Bazuca: Plano pronto para entregar em Bruxelas

Versão final contempla mais dinheiro para as empresas depois de documento inicial ter sido alvo de fortes críticas por parte de várias confederações empresariais e economistas, tal como tem sido avançado pelo Nascer do SOL.

O Programa de Recuperação e Resiliência (PRR) apresentado por António Costa ao Marcelo Rebelo de Sousa vai contar com 7.700 milhões de euros de apoios dedicados às empresas, de acordo com o Programa de Estabilidade (PE) aprovado na quinta-feira em Conselho de Ministros. Em cima da mesa estão 5.000 milhões de euros de apoios diretos às empresas e 2.700 milhões de apoios indiretos, a executar até 2026, no âmbito do PRR. Estes e outros números serão apresentados na próxima semana em Bruxelas para que possa ser aprovado e Portugal tenha acesso à bazuca europeia. «Estamos a chegar ao fim de uma longa maratona», disse António Costa, acenando com a aprovação do documento em junho.  «A ambição que temos é que no Ecofin de 21 de junho possamos aprovar os primeiros planos, temos muita vontade que entre eles esteja o de Portugal», afirmou.
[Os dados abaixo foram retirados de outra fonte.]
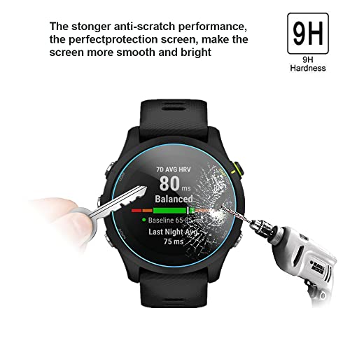 MIHENCE 3 pezzi, compatibile con Garmin Forerunner 255, pellicola protettiva 9H, antigraffio, in vero vetro temperato di alta qualità, per smartwatch Forerunner 255 Music

Feitas as contas, a maior ‘fatia’ dos apoios diretos às empresas vai para a capitalização, que receberá 1.550 milhões de euros, seguida da inovação, com direito a 1.364 milhões. Mas abaixo dos mil milhões de euros de apoios estarão a descarbonização, que contará com 715 milhões de euros, a transição digital (650 milhões), a qualificação de recursos humanos (630 milhões) e a bioeconomia (145 milhões).

Nos apoios indiretos, a maior fatia diz respeito às infraestruturas (690 milhões de euros), seguindo-se a digitalização da administração pública (578 milhões), a qualidade das finanças públicas (406 milhões), a gestão hídrica (390 milhões), o hidrogénio e energias renováveis (371 milhões), a justiça económica e ambiente de negócios (267 milhões) e ainda a eficiência energética dos edifícios (70 milhões).

A descarbonização, a digitalização, a bioeconomia sustentável, a melhoria da rede rodoviária, o investimento nos recursos humanos, a promoção da investigação, desenvolvimento e inovação, a capacitação do sistema científico e a diminuição dos custos de contexto através da modernização da administração pública são os oito pontos de apoio às empresas privada.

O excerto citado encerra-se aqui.